Фрагмент книги "Тарковский. Фильм как молитва", перевод с румынского (Elena Dulgheru, "Tarkovski. Filmul ca rugaciune", Editura Arca Invierii, Bucuresti, 2002"), в курсе опубликования в России в Издательстве Алапа.

Невозможно подойти к художественному миру Андрея Тарковского, не дотрагиваясь до проблематики сакрального. Но является ли сакральное до сих пор изображаемым измерением для современного произведения искусства, в том числе для кино? Это – первый вопрос, который надо поставить. Как любое искусство, художественное кино предлагает собственные фантастические миры, фиктивные пространственно-временные мироздания. От непосредственной реальности до фантастики, оно способно вместить в себя и отразить любую визуально представляемую область человеческого воображения.

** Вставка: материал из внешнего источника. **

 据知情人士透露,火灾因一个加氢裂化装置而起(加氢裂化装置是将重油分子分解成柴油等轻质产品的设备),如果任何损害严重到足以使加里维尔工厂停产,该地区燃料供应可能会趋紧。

Сакральное однако не является областью человеческого воображения, оно принадлежит другому режиму бытия, его первоисточник не лежит в человеке. Его противоположное, мирское является для современного человека самым доступным для изображения.
Кадр из фильма "Зеркало"

В какой степени однако сакральное – изображаемое? Этот вопрос нересекает красной нитью всю историю религий и иконоборчествa, спускаясь также до их производных в области культуры: ритуал и искусство. В какой степени сакральное подлежит отображению в искусстве? Пожалуй эта – главнейшая проблемма высокого искусства. Ответ на нее лежит вне искусствa, а именно в том же Источнике, из которого снабжаются влагой так художественный акт, как и ритуальный.

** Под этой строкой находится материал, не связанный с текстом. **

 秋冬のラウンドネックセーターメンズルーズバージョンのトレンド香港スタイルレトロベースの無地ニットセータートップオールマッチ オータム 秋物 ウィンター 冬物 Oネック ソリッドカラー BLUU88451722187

Проблема наличия сакрального в религиозном ритуале – проблема веры и догматики. В то время, как герменевтика религий раскрывает восстанавливающую силу ритуала, вероисповедание говорит о двойной принадлежности Таинств к двум мирам: чувственный и сверхествественный. На этом осмосе символизирующего с символизируемым, происходящим в лоне Таинств, жиздется теория двойственной природы символа: чувственной и сверхчувственной. Нас здесь интересует проблема наличия сакрального в религиозном ритуале, поскольку ее решение сходится с решением иной проблемы: проблема наличия сакрального в искусстве. Ибо как искусство, так религиозный ритуал пользуются символами и оба стремятся их заново определить, заново переживая их, расширить их онтологическую область от простого стилистического знака, соответственно жестуального знака, до носителя возвышенной жизни: “Чувственный мир […], сделавшись носителем иного мира, телом eго, нeсeт его в сeбe, или преобразуется, одухотворяется и превращается тем самым в символ, то есть в органически-живое единство изображающего и изображаемoго, символизурующего и символизируемого”* .

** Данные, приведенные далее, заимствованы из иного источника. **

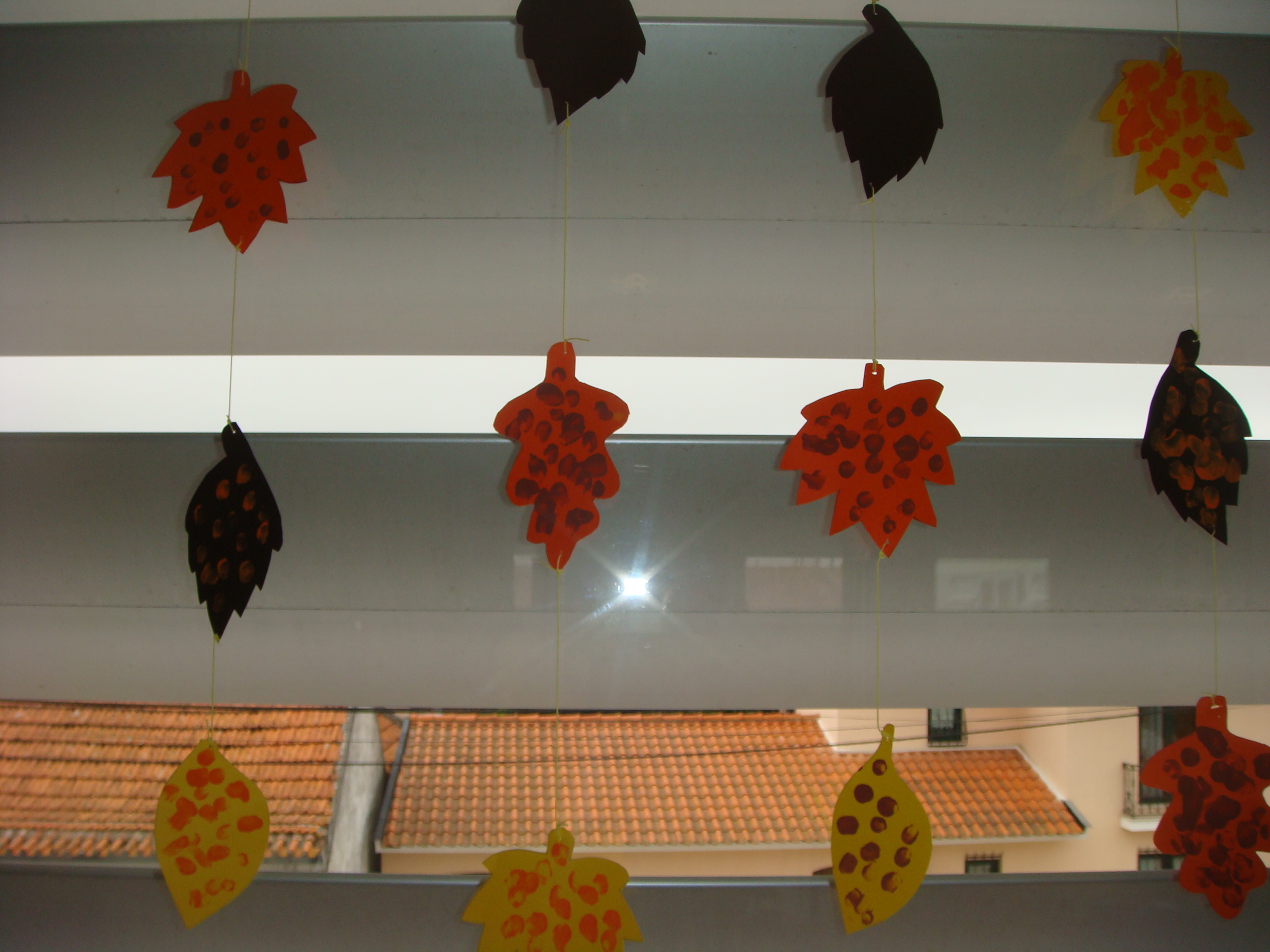Para a janela fizemos folhinhas do Outono com os nossos dedos e também uma pintura com as cores do Outono.

Аналогичный подход совершает теория искусств; чтобы его заметить, надо приблизиться к миру восточного мышления и цивилизации** . Для восточного художника форма не ниже сущности, ибо она является сосудом для сущности, сущность существует в форме, материя живет и имеет смысл только как носитель духа, а жертвенное снисхождение духа в мир есть именно воплощение материи. Устанaвливaя нулевое семантическое расстояние между означающим и означаемым, восточное искусство вписывается в то, что морфолог культуры именовал бы территорией мифической духовности, территорией, которая не оперирует различий между формой и сущностью, между материей и духом.

Итак, не случайно в определении своей поэтики, Андрей Тарковский вместе со своим биографом, киноведом Ольгой Сурковой обращаются к модели японской поэзии и духовности, чтобы говорить об уникальности художественного изображения – единственного критерия, гарантирующего его универсальность: “Японская поэзия выращивает свои образы таким способом, что они и ничего не означают, кроме себя самих и одновременно означают так много, что невозможно уловить их конечьный смысл”. “Образ тем точьнее соответствует своему предназначению, чем невозможней втуснуть его в в какую-либо понятную умозрительную формулу”. “Чем точьнeе наблюдение, тем оно уникальнее. Чем оно уникальнее, тем ближе к образу”***.

Определяя свой эстетический язык, Aндрей Тарковский отрицает любой символизм в западном представлении этого понятия (то есть переводимый в слова, способный порождать аллегории и фигуративные языки), ибо, подобно дальневосточному художнику, для него созерцание – это путь к трансцендентальности и он желает предоставить зрителю такой-же тип созерцания.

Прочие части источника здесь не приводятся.